[英]How to use data.table to efficiently calculate allele frequencies (proportions) by group across multiple columns (loci)
I have a data.table of allele identities (rows are individuals, columns are loci), grouped by a separate column. 我有一个data.table的等位基因身份(行是个体,列是基因座),由一个单独的列分组。 I want to calculate allele frequencies (proportions) for each locus efficiently, by group.

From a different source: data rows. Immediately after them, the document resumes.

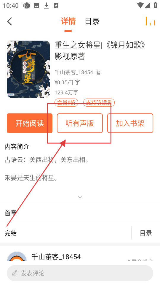 1、在小说详情页,咱们能看到【听有声版】按钮,点击它就能进入有声书选择页面,开启听书模式啦。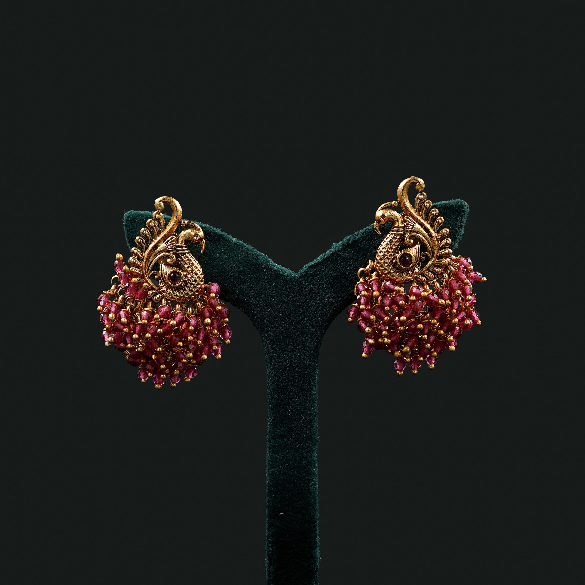 This exquisite temple jewelry set from Ishwari Store features a regal peacock design, symbolizing beauty and elegance. The necklace is intricately adorned with rich pink beads and antique gold-tone detailing, creating a striking yet traditional look. Complemented by matching earrings, the set beautifully showcases classic South Indian craftsmanship, making it ideal for festive occasions, weddings, and cultural celebrations. The PJ8N set blends intricate artistry with timeless temple jewelry aesthetics, perfect for those seeking elegance with a traditional touch.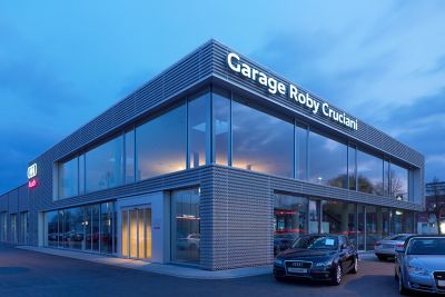 Tekst: <p>Le garage est un point de vente officiel pour voitures Audi. Le bâtiment doit dès lors correspondre aux critères précis du constructeur automobile qui impose un certain nombre de détails et de finitions. <br>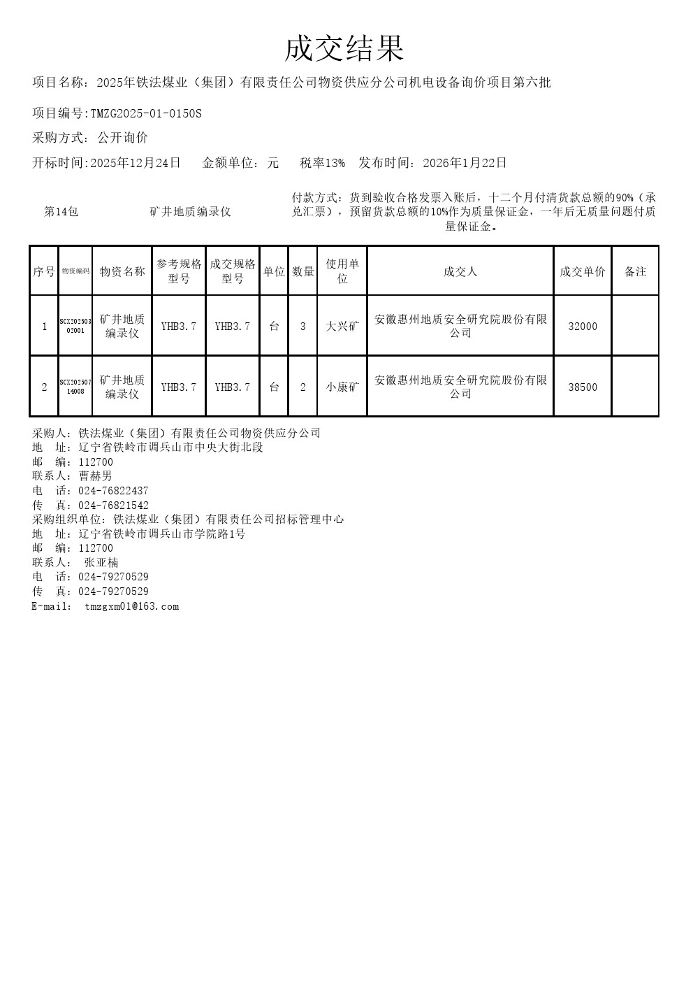 2025年12月24日机电设备公开询价成交结果公示(0150S)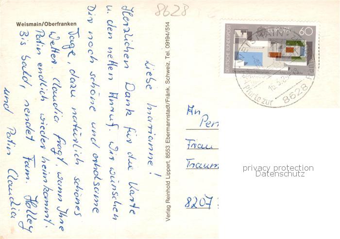73873820 alte Postkarte Weismain Ortspartie mit Kirche postalisch gelaufen Erhaltung siehe scans [WerneD78] KatCode: 11110009478176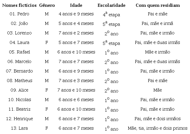 Os sujeitos da pesquisa residiam com as crianças com diagnóstico de TF. Das crianças em tratamento, 9 eram do gênero masculino e 4 eram do gênero feminino. Todas recebiam intervenção fonoaudiológica semanalmente e estavam em processo de escolarização adequado para a idade.

我想按组计算每个基因座的等位基因频率(比例)。 An example data table:
示例数据表:
DT = data.table(Loc1=rep(c("G","T"),each=5),
Loc2=c("C","A"), Loc3=c("C","G","G","G",
"C","G","G","G","G","G"),
Group=c(rep("G1",3),rep("G2",4),rep("G3",3)))
for(i in 1:3)
set(DT, sample(10,2), i, NA)
> DT
Loc1 Loc2 Loc3 Group
1: G NA C G1
2: G A G G1
3: G C G G1
4: NA NA NA G2
5: G C NA G2
6: T A G G2
7: T C G G2
8: T A G G3
9: T C G G3
10: NA A G G3
The problem I have is that when I try to do calculations by group, only the allele ids present in the group are recognized, so I'm struggling to find code that can tell me eg the proportion of G's for locus 1 in all 3 groups. 我遇到的问题是,当我尝试按组进行计算时,只有组中存在的等位基因ID被识别,所以我很难找到可以告诉我例如所有3组中基因座1的G的比例的代码。 。 Simple example, calculating a sum (not proportion) for the first allele at each locus:
举个简单的例子,计算每个基因座上第一个等位基因的总和(不是比例):
> fun1<- function(x){sum(na.omit(x==unique(na.omit(x))[1]))}
> DT[,lapply(.SD,fun1),by=Group,.SDcols=1:3]
Group Loc1 Loc2 Loc3
1: G1 3 1 1
2: G2 1 2 2
3: G3 2 2 3
For G1 the result is that Loc1 has 3 G's, but for G3 it shows Loc1 has 2 T's, not the number of G's. 对于G1,结果是Loc1有3个G,但对于G3,它表示Loc1有2个T,而不是G的数量。 I want the number of G's for both in this case.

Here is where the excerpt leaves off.